How to complete this task
Since the pictures are not wanted, retype the listing below exactly and without them.

Given information
########################################

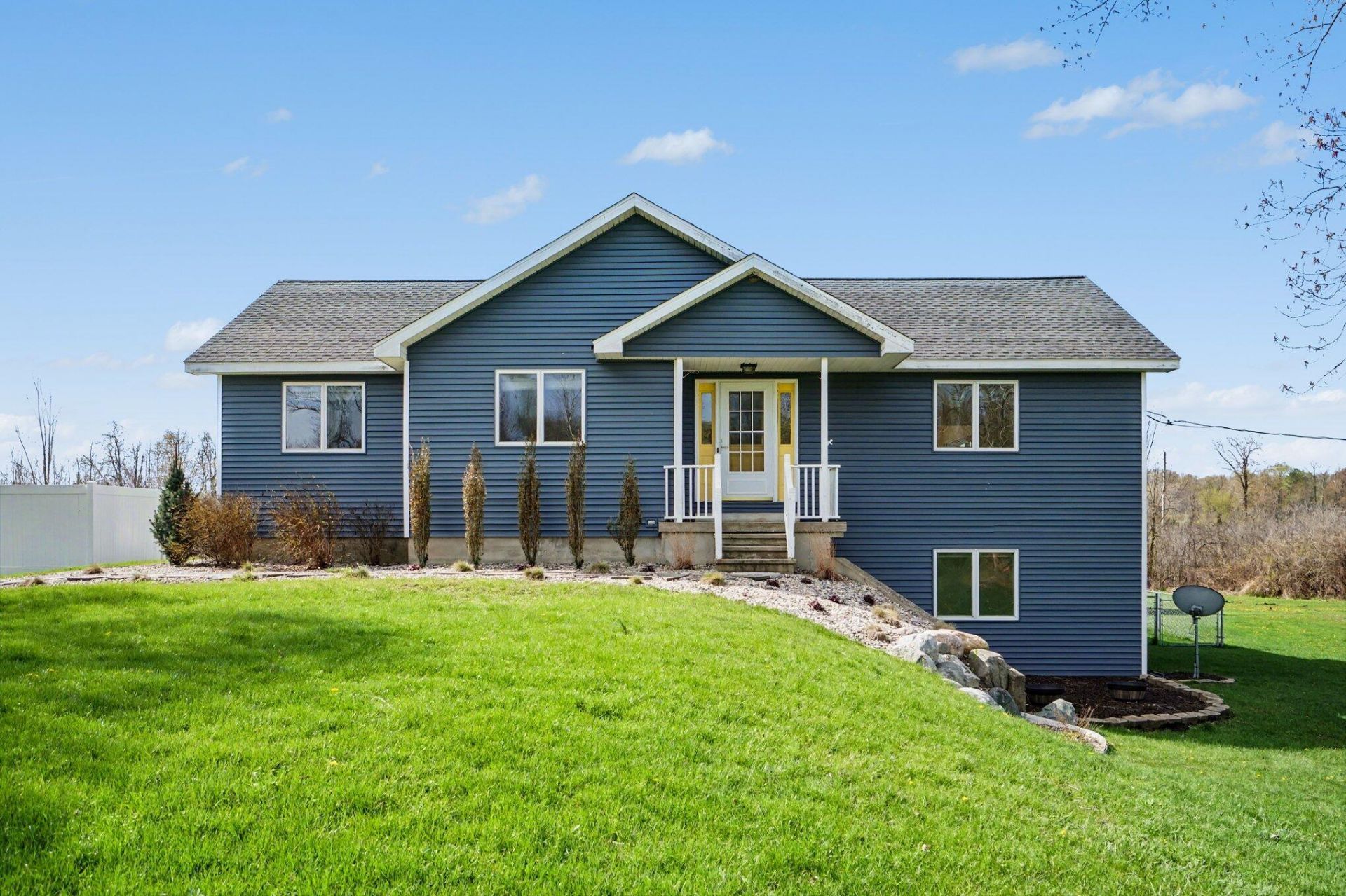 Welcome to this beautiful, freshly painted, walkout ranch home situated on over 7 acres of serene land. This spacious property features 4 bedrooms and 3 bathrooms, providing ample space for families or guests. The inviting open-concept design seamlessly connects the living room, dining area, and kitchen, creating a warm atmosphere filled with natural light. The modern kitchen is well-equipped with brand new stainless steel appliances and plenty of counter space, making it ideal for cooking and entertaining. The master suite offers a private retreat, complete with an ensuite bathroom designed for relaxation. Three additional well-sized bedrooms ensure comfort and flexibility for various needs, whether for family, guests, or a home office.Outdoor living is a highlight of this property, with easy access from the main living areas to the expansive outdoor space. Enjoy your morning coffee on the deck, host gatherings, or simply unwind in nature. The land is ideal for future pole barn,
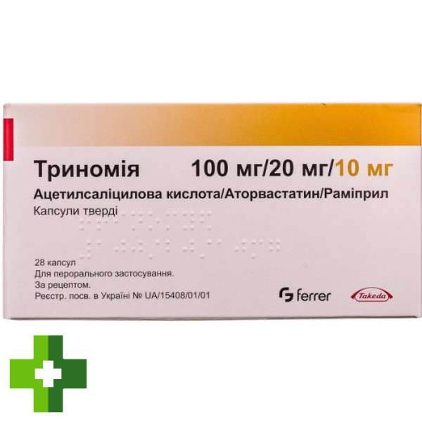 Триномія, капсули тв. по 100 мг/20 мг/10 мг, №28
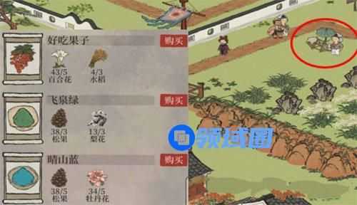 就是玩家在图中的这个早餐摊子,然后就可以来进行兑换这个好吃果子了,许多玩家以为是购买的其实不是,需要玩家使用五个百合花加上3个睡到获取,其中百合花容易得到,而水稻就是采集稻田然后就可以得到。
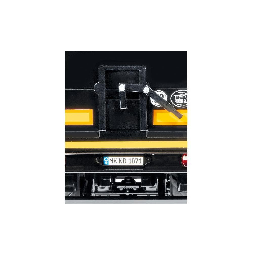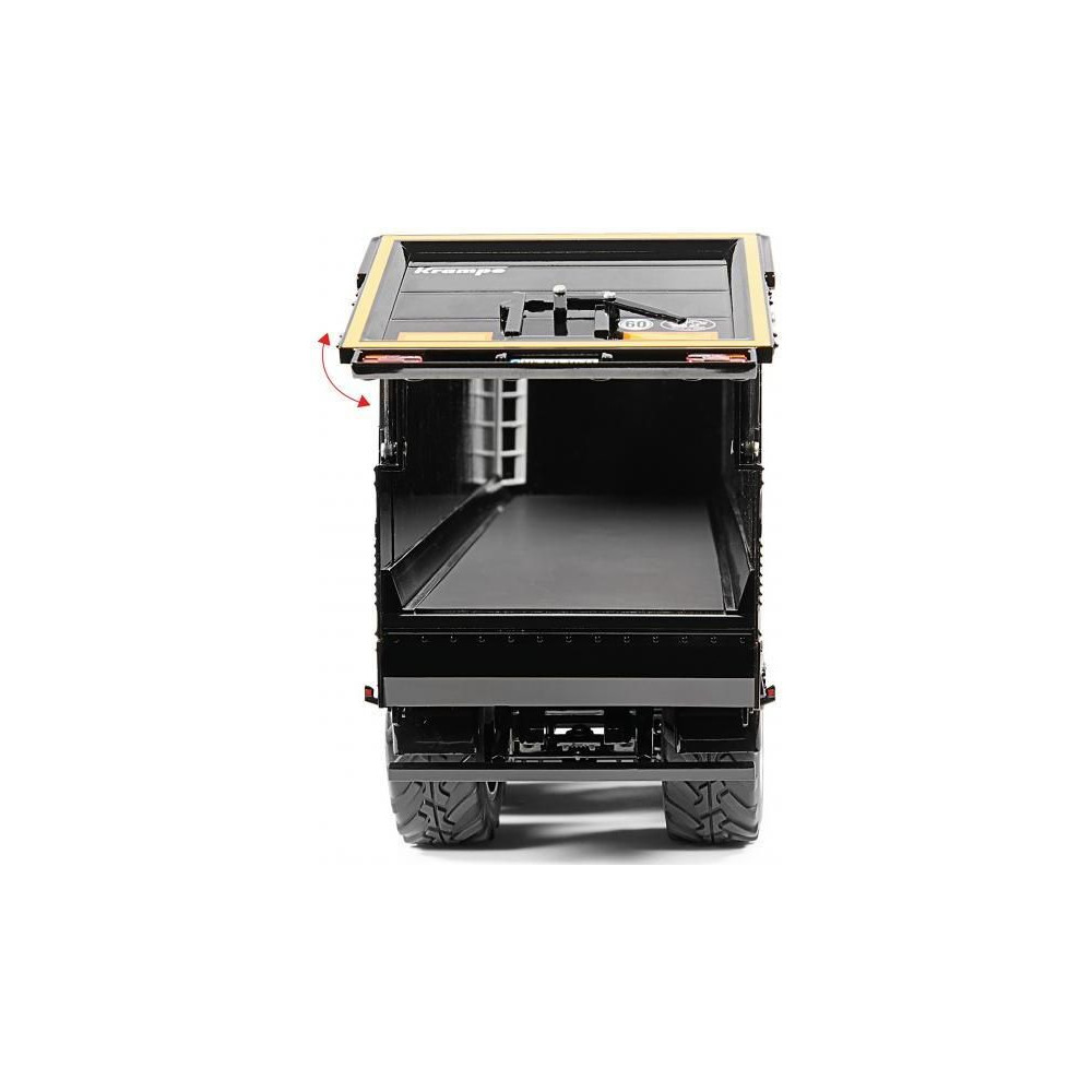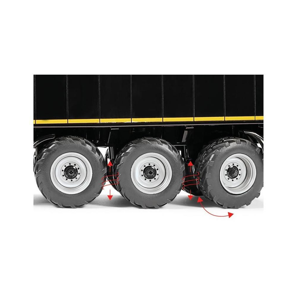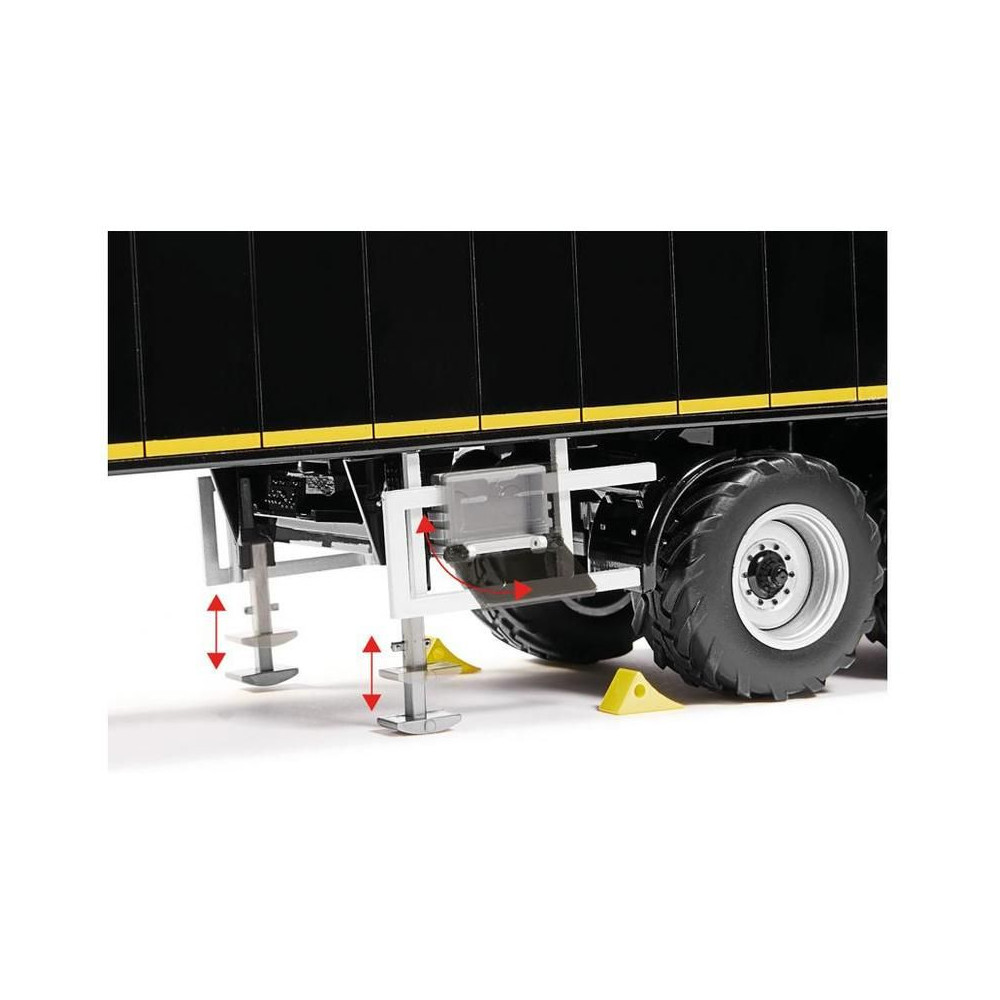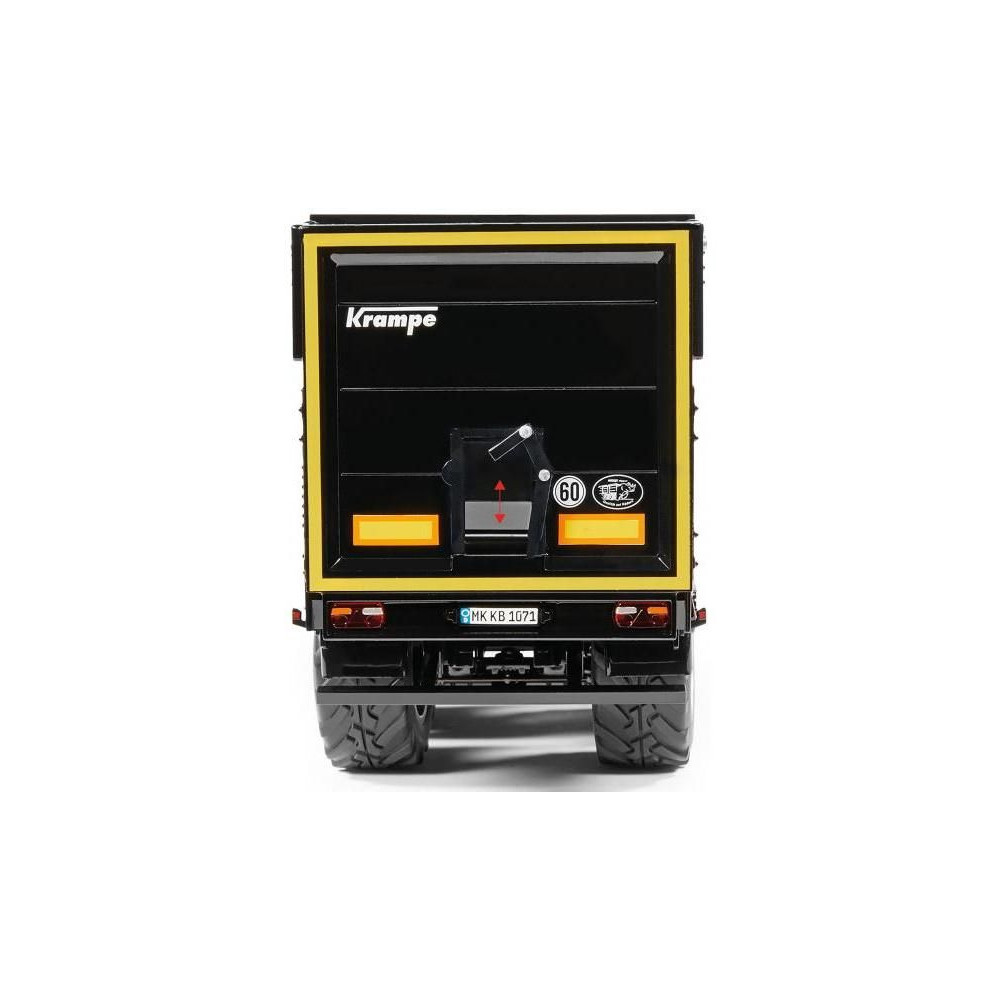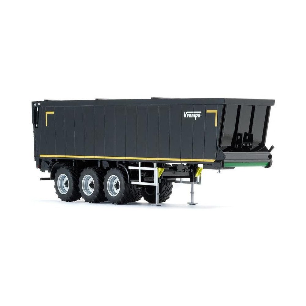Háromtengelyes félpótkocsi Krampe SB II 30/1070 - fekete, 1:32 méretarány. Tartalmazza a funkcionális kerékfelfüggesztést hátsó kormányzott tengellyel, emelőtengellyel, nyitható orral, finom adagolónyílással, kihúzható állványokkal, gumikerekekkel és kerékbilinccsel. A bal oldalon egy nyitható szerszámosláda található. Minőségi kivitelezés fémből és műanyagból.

########################################

Response to this exercise
 Welcome to this beautiful, freshly painted, walkout ranch home situated on over 7 acres of serene land. This spacious property features 4 bedrooms and 3 bathrooms, providing ample space for families or guests. The inviting open-concept design seamlessly connects the living room, dining area, and kitchen, creating a warm atmosphere filled with natural light. The modern kitchen is well-equipped with brand new stainless steel appliances and plenty of counter space, making it ideal for cooking and entertaining. The master suite offers a private retreat, complete with an ensuite bathroom designed for relaxation. Three additional well-sized bedrooms ensure comfort and flexibility for various needs, whether for family, guests, or a home office.Outdoor living is a highlight of this property, with easy access from the main living areas to the expansive outdoor space. Enjoy your morning coffee on the deck, host gatherings, or simply unwind in nature. The land is ideal for future pole barn,
 Триномія, капсули тв. по 100 мг/20 мг/10 мг, №28
 就是玩家在图中的这个早餐摊子,然后就可以来进行兑换这个好吃果子了,许多玩家以为是购买的其实不是,需要玩家使用五个百合花加上3个睡到获取,其中百合花容易得到,而水稻就是采集稻田然后就可以得到。
Háromtengelyes félpótkocsi Krampe SB II 30/1070 - fekete, 1:32 méretarány. Tartalmazza a funkcionális kerékfelfüggesztést hátsó kormányzott tengellyel, emelőtengellyel, nyitható orral, finom adagolónyílással, kihúzható állványokkal, gumikerekekkel és kerékbilinccsel. A bal oldalon egy nyitható szerszámosláda található. Minőségi kivitelezés fémből és műanyagból.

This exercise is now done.